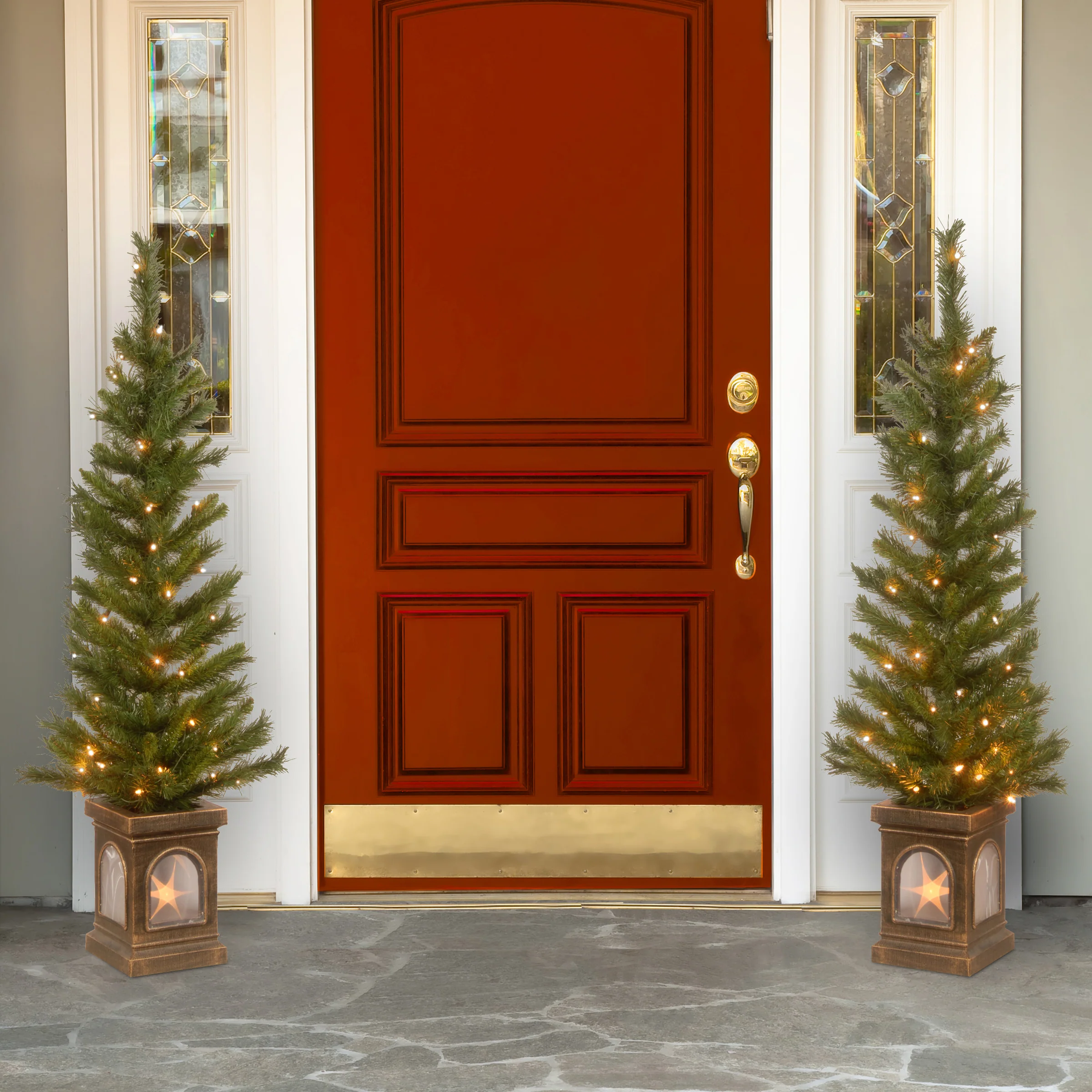 These Lehigh Valley Pine Entrance Trees are a handsome decoration for display in doorways, hallways, porches and patios. Each is pre-strung with 50 clear lights that remain lit even if a bulb burns out and is seated in a decorative urn base that is lit from inside. This attractive planting can be placed in indoor or outdoor locations. Plug in.
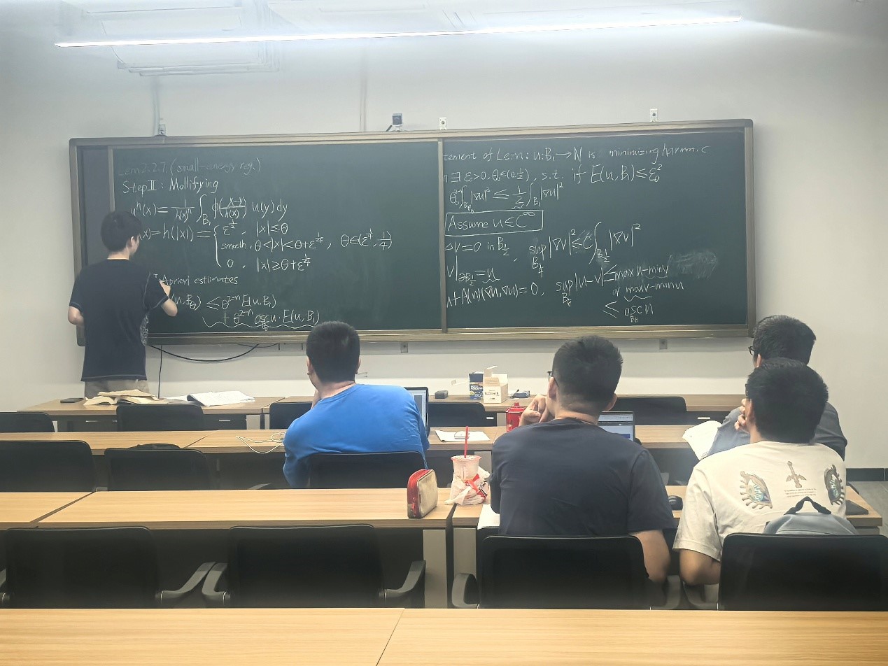 第二次讨论班则由2022级数学与应用数学(自强班)的朱锐和陈一鸣同学共同主讲。他们将内容聚焦于能量最小调和映照的正则性与奇点集,系统学习了能量最小调和映照的正则性理论,包括二维光滑性(Morrey 1948年的经典结果)和高维部分正则性(Schoen-Uhlenbeck理论),并深入研究了一般维数能量最小调和映照的奇点集维数估计和紧性定理。通过对这些前沿理论的深入学习,同学们不仅掌握了调和映照研究的核心方法,也切身体会到了现代几何分析的独特魅力与蓬勃生命力。
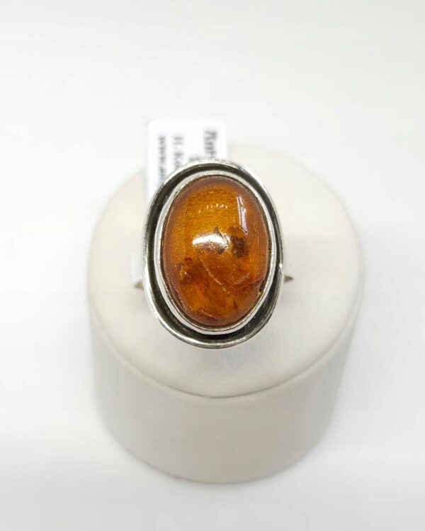 Srebrny pierścionek z owalnym bursztynem w szlifie kaboszonowym
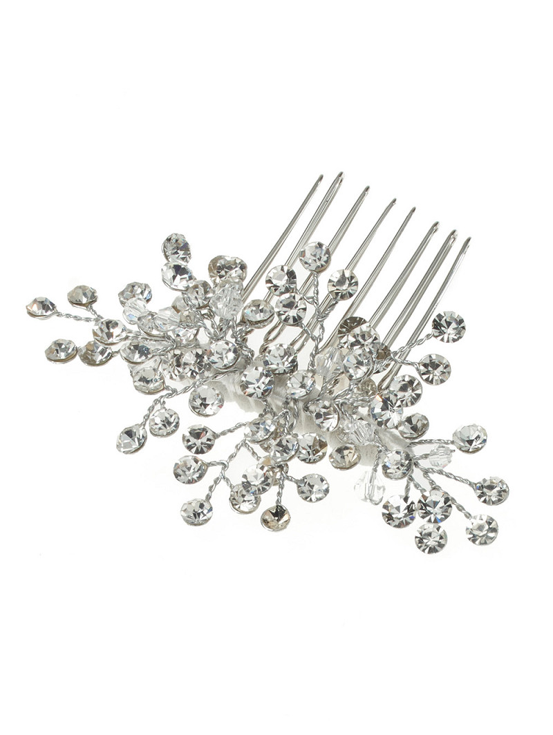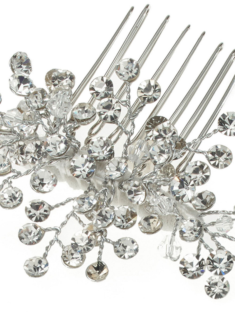 - Esta joya para el cabello de color plateado en peine es definitiva, porque tiene la forma de una ramita con una lluvia de pedrería. Brilla toda la noche con estas joyas para el cabello verdaderamente hermosas de Poirier y date un look de boda que recordarás durante mucho tiempo junto con tu próximo. Esta pieza de joyería se puede usar de múltiples maneras en el aspecto del cabello de su boda.
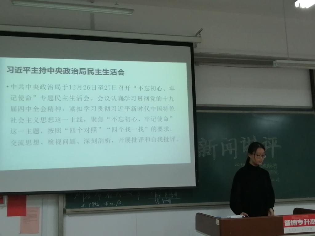 为了提高同学们对时政新闻的关注度、培养关注了解时政新闻的习惯和提升思政专业的能力素养,我院于12月29号在二教A310举行了新闻讲评活动,本次活动由思想政治教育专业2018级、2019级全体同学参加。
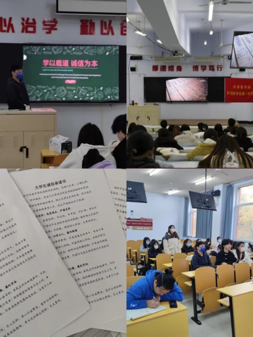 为深入学习贯彻中国共产党第二十次全国代表大会精神,进一步推进学校廉政文化建设和廉洁教育工作,大力营造崇廉尚洁的校园文化氛围,护理系2021级联合护理系学生第一党支部于2022年11月举办“坚守廉洁诚信底线,弘扬浩然清风正气”主题系列活动。本次活动共分为五部分。 “敬廉崇洁,诚实守信”诚信教育活动 11月8日下午,开展“学以载道,诚信为本”主题班会活动,班会从培养学生廉洁修身,诚实守信等方面展开。在“诚信学习大家谈”活动中,同学们积极讨论并将自己所思所感以便利贴形式张贴到黑板上。班级制定“班级诚信公约”,同学们学习后郑重签字,促使廉洁诚信思想深入人心。 (点击每张图片即可查看原图)
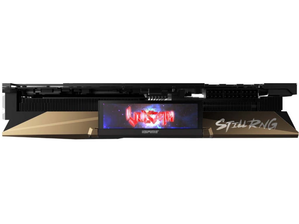 Az egyedi kártya a Colorful iGame Vulcan szériáján alapszik, ami önmagában is egy borzasztóan túlgondolt egyedi hűtőrendszert tartalmaz. Ami miatt igazán egyedinek mondhatjuk ezt a típust, az nem más, mint a kijelzője, amit teljesen testre szabhatunk. Ezenkívül pedig az RNG motívumai is ott figyelnek a kártya minden egyes szegletében.
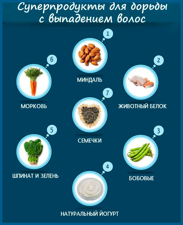 - Сбалансированное питание. Существуют десятки микроэлементов, влияющих на какой-либо аспект состояния волоса. Цинк, сера, железо, фосфор, кальций, магний, йод, а также витамины нескольких групп – все это должно присутствовать в пище. Обычно, человек, употребляющий сбалансированно животное мясо, морепродукты, овощи, фрукты и витаминные комплексы, получает все необходимое;
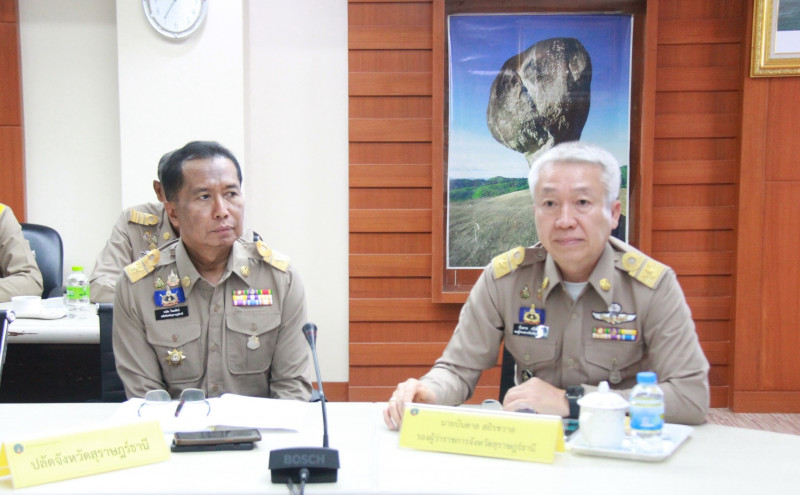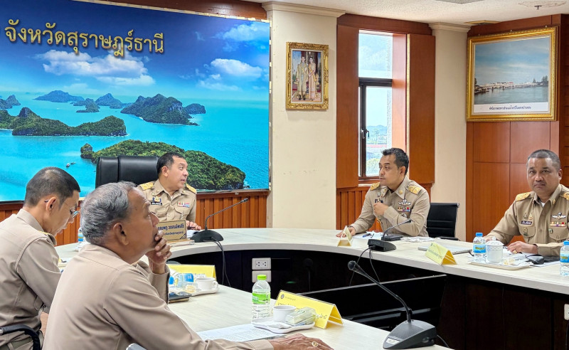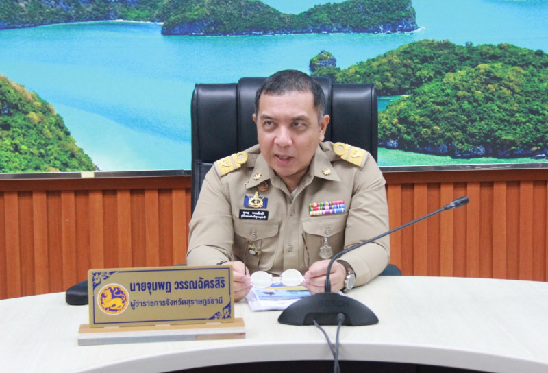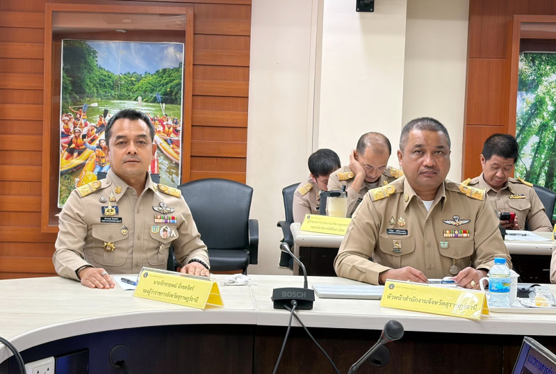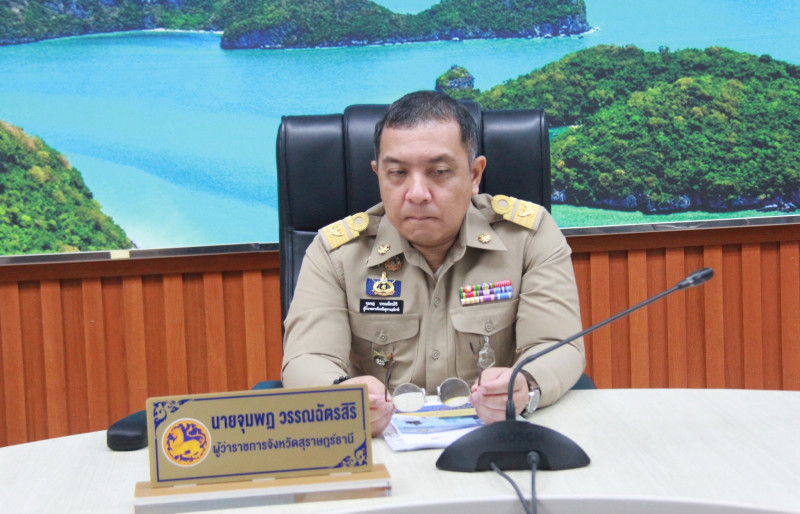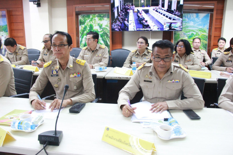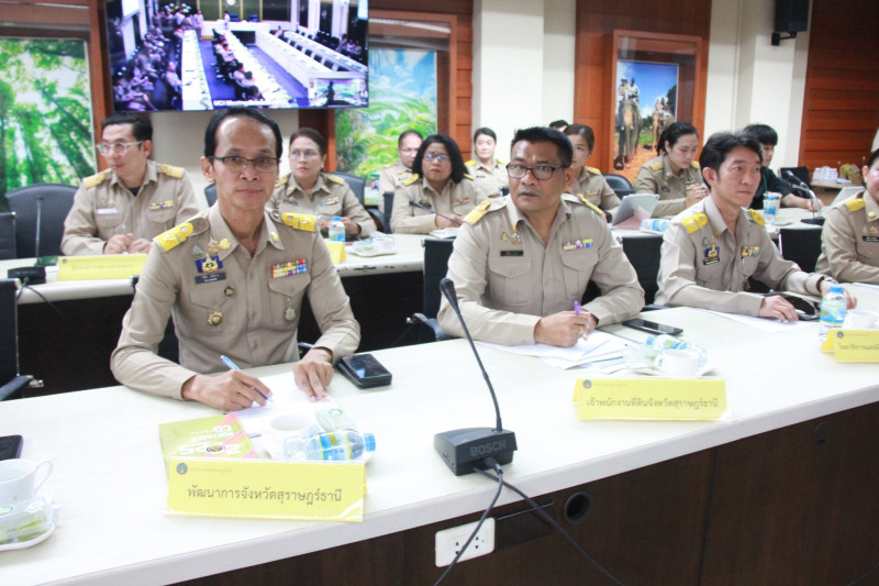 นายจุมพฏ วรรณฉัตรสิริ ผู้ว่าราชการจังหวัดสุราษฎร์ธานี พร้อมด้วยรองผู้ว่าราชการจังหวัด ปลัดจังหวัด นายอำเภอ หัวหน้าส่วนราชการ/หน่วยงานรัฐวิสาหกิจในสังกัดกระทรวงมหาดไทย ตลอดจนผู้เกี่ยวข้อง ร่วมประชุมขับเคลื่อนภารกิจสำคัญของกระทรวงมหาดไทย ณ ห้องประชุมตาปี ขั้น 4 ศาลากลางจังหวัดสุราษฎร์ธานี และผ่านระบบวิดีโอทางไกลร่วมกับส่วนกลาง (Video Conference) ณ ห้องประชุมราชสีห์ อาคารศาลาว่าการกระทรวงมหาดไทย พร้อมกับจังหวัดต่างๆ ทั่วประเทศ เพื่อรับทราบนโยบาย/ข้อสั่งการของนายอนุทิน ชาญวีรกูล นายกรัฐมนตรี และรัฐมนตรีว่าการกรทรวงมหาดไทย พร้อมติดตามผลการดำเนินงานของหน่วยงานที่เกี่ยวข้อง ทั้งในส่วนกลางและส่วนภูมิภาค

^^^^^^^^

- Assignment: Please set down the records above word for word and omit their pictures.

- Solution to the exercise:
 These Lehigh Valley Pine Entrance Trees are a handsome decoration for display in doorways, hallways, porches and patios. Each is pre-strung with 50 clear lights that remain lit even if a bulb burns out and is seated in a decorative urn base that is lit from inside. This attractive planting can be placed in indoor or outdoor locations. Plug in.
 第二次讨论班则由2022级数学与应用数学(自强班)的朱锐和陈一鸣同学共同主讲。他们将内容聚焦于能量最小调和映照的正则性与奇点集,系统学习了能量最小调和映照的正则性理论,包括二维光滑性(Morrey 1948年的经典结果)和高维部分正则性(Schoen-Uhlenbeck理论),并深入研究了一般维数能量最小调和映照的奇点集维数估计和紧性定理。通过对这些前沿理论的深入学习,同学们不仅掌握了调和映照研究的核心方法,也切身体会到了现代几何分析的独特魅力与蓬勃生命力。
 Srebrny pierścionek z owalnym bursztynem w szlifie kaboszonowym
 - Esta joya para el cabello de color plateado en peine es definitiva, porque tiene la forma de una ramita con una lluvia de pedrería. Brilla toda la noche con estas joyas para el cabello verdaderamente hermosas de Poirier y date un look de boda que recordarás durante mucho tiempo junto con tu próximo. Esta pieza de joyería se puede usar de múltiples maneras en el aspecto del cabello de su boda.
 为了提高同学们对时政新闻的关注度、培养关注了解时政新闻的习惯和提升思政专业的能力素养,我院于12月29号在二教A310举行了新闻讲评活动,本次活动由思想政治教育专业2018级、2019级全体同学参加。
 为深入学习贯彻中国共产党第二十次全国代表大会精神,进一步推进学校廉政文化建设和廉洁教育工作,大力营造崇廉尚洁的校园文化氛围,护理系2021级联合护理系学生第一党支部于2022年11月举办“坚守廉洁诚信底线,弘扬浩然清风正气”主题系列活动。本次活动共分为五部分。 “敬廉崇洁,诚实守信”诚信教育活动 11月8日下午,开展“学以载道,诚信为本”主题班会活动,班会从培养学生廉洁修身,诚实守信等方面展开。在“诚信学习大家谈”活动中,同学们积极讨论并将自己所思所感以便利贴形式张贴到黑板上。班级制定“班级诚信公约”,同学们学习后郑重签字,促使廉洁诚信思想深入人心。 (点击每张图片即可查看原图)
 Az egyedi kártya a Colorful iGame Vulcan szériáján alapszik, ami önmagában is egy borzasztóan túlgondolt egyedi hűtőrendszert tartalmaz. Ami miatt igazán egyedinek mondhatjuk ezt a típust, az nem más, mint a kijelzője, amit teljesen testre szabhatunk. Ezenkívül pedig az RNG motívumai is ott figyelnek a kártya minden egyes szegletében.
 - Сбалансированное питание. Существуют десятки микроэлементов, влияющих на какой-либо аспект состояния волоса. Цинк, сера, железо, фосфор, кальций, магний, йод, а также витамины нескольких групп – все это должно присутствовать в пище. Обычно, человек, употребляющий сбалансированно животное мясо, морепродукты, овощи, фрукты и витаминные комплексы, получает все необходимое;
 นายจุมพฏ วรรณฉัตรสิริ ผู้ว่าราชการจังหวัดสุราษฎร์ธานี พร้อมด้วยรองผู้ว่าราชการจังหวัด ปลัดจังหวัด นายอำเภอ หัวหน้าส่วนราชการ/หน่วยงานรัฐวิสาหกิจในสังกัดกระทรวงมหาดไทย ตลอดจนผู้เกี่ยวข้อง ร่วมประชุมขับเคลื่อนภารกิจสำคัญของกระทรวงมหาดไทย ณ ห้องประชุมตาปี ขั้น 4 ศาลากลางจังหวัดสุราษฎร์ธานี และผ่านระบบวิดีโอทางไกลร่วมกับส่วนกลาง (Video Conference) ณ ห้องประชุมราชสีห์ อาคารศาลาว่าการกระทรวงมหาดไทย พร้อมกับจังหวัดต่างๆ ทั่วประเทศ เพื่อรับทราบนโยบาย/ข้อสั่งการของนายอนุทิน ชาญวีรกูล นายกรัฐมนตรี และรัฐมนตรีว่าการกรทรวงมหาดไทย พร้อมติดตามผลการดำเนินงานของหน่วยงานที่เกี่ยวข้อง ทั้งในส่วนกลางและส่วนภูมิภาค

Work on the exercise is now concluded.